The first time we lived way out of the city, and I was lonely.  Honestly, I think he was too.  He was turning three, and he needed to have that interaction.  I tried to keep him busy, but there were days that it just seemed impossible.  We would walk for hours and count the rabbits, look under rocks, and search for someone to talk to.  He would push his yellow and blue truck so far and fast that at night his legs would ache.  I had a wonderful play group who kept my sanity, but we would only meet once a week.  The worst part was we lived so far from each other.  During the beautiful months, we would go to the zoo.   I would take him to the library which was a half hour long, but there were not people there who I wanted to be friends with.  We would grocery shop, go to the gym, and every Wednesday we would eat pizza at Costco.  My husband worked long hours, and the days never seemed to end. 





Now the days seem to go so fast.  This time my experience has been totally different.  We still go to the gym and Costco, but it seems as if with two, there is never enough time for anything.  I have a wonderful set of friends who we do play dates with quite often.  We trade days and dates and meet at the park.  A few have moved farther away, but I still have them to count on.  This has been a much happier staying-at-home experience for me.  I have friends and places close by.  I do work from home now and that does take a few hours out of my day.  Yet, I feel as though I have missed out on some of the little things.  How have I managed to do that?  How have I not taken her to the zoo as many times as I did him?  How do we not do the library?  Then I realize that our friends, mine and hers, have allowed us to have great play dates without having to go far.  This time I wasn't the only one searching friends out; this time they found us… and what a great blessing they have been.   

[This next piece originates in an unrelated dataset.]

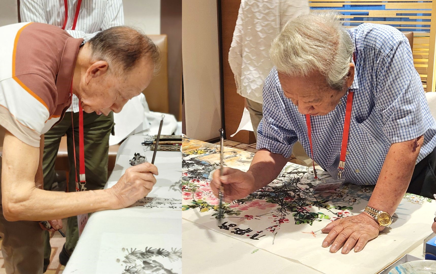 蘇港兩地藝術家於活動的書畫交流筆會上揮毫。海外中國美術家協會主席蕭暉榮帶領該會秘書長蕭芬琪,以及常務理事陳家義、林勇遜、蔡健如、郭迪康、陳佳、許昭奇、王碧影和劉孟寬一同參加筆會,與多位江蘇藝術家切磋技藝,共敘蘇港友誼。
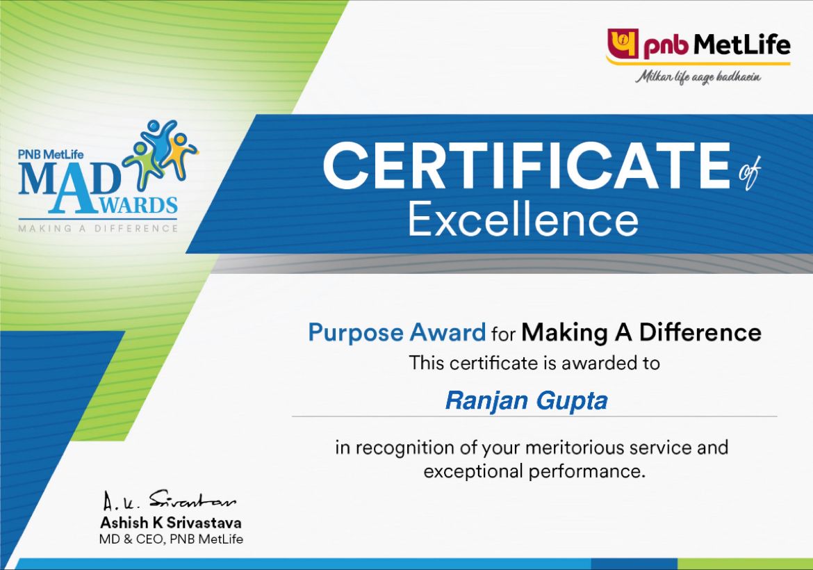 Honored with the prestigious Make a Difference award by the CEO of PNB MetLife for exceptional contributions that significantly impacted business performance and team outcomes. This recognition stands as a testament to leadership, dedication, and the ability to drive meaningful change.

I feel as though every moment is taken up with laundry and dishes and just plain picking up toys and Legos and doing homework.  Now I am looking for a position for the next school year and wondering, how in the world is it all going to fit into one day?  It will have to, but she is ready for a full day of friends and learning, and I think I am too.    

Thursday, March 31, 2011

Spring in the Desert




The desert in spring has to be one of the most beautiful places to be.  I know many of you would argue, but it is all I have ever known.  The rain blowing across the desert is one of the most beautiful sights, and the smell of the creosote bush is something that I love.  For me, it is the smell of comfort.   I wish they could bottle it or make it into a beautiful candle.   And I have to admit that the lightning storms during the summer are the best...especially in Tucson.  The way it echoes off of the mountains.  The way it shakes the whole house, and the best storms are those that just make me want to sit on my back porch and soak it all in. 



The problem with loving the spring is that it never seems to stay long enough for a great visit.  And summer in the desert is just....well... miserable. 

Dear Spring,

Please stay a little longer this year.  I am so not ready to visit with Summer, but if she must come, please let her bring lots of rain and beautiful and bright lightning.